There was a time when it probably wouldn't have taken much to make Ho Chi
Minh an ally rather than an enemy, if the idiots in Washington had been
able to see beyond that awful C-word and treat it as a practical problem
rather than an ideological one.

For that matter, I dimly recall a little article published at the height
of the Vietnam War, which estimated how much it would cost to *bribe*
every last man, woman, and child in North Vietnam to stop fighting. I
think it was something like two months of the war budget...
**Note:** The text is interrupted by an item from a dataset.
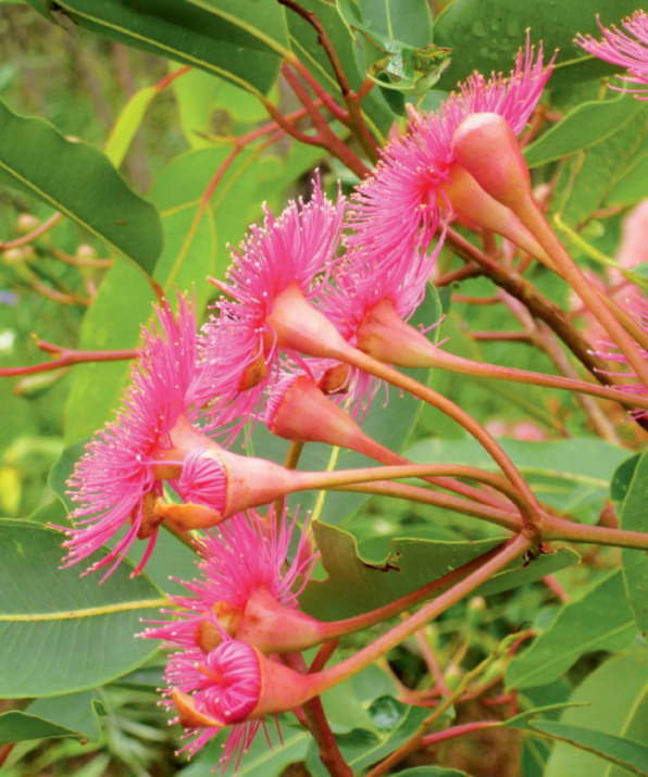 Eucalypts have great ornamental value, from their beautiful bark and foliage to showy flowers and intricate seed pods. Eucalypt blossoms have a characteristic appearance, comprising many stamens instead of petals.

That's a nice theory but it doesn't tend to work well in
practice. The problem with bribes is ensuring that you
get your money's worth, and ensuring that the bribed
stay bought. In both cases, once they have your money
there is very little incentive for them to either do
what you asked or not to demand ever greater bribes on
a continuing basis.

An example from the present time is particular applicable.
The US has been paying many millions of dollars in foreign
aid to Egypt in attepts to keep them "on our side". Has
it worked? Not particularly well. What it has done is
set up a situation whereby if we stop paying they will
have a ready excuse, and motivation, to stop being on our
side. In effect, we have paid merely to maintain the
status quo. We have been doing this with Egypt for a
great many years and their behavior has stayed more or
less the same. In contrast, Bush's "harsher" methods
relying on a combination of the carrot and stick, rather
than the carrot alone, have brought more dramatic
changes in Egypt's behavior in a short time period than
the bribes have done over the course of decades.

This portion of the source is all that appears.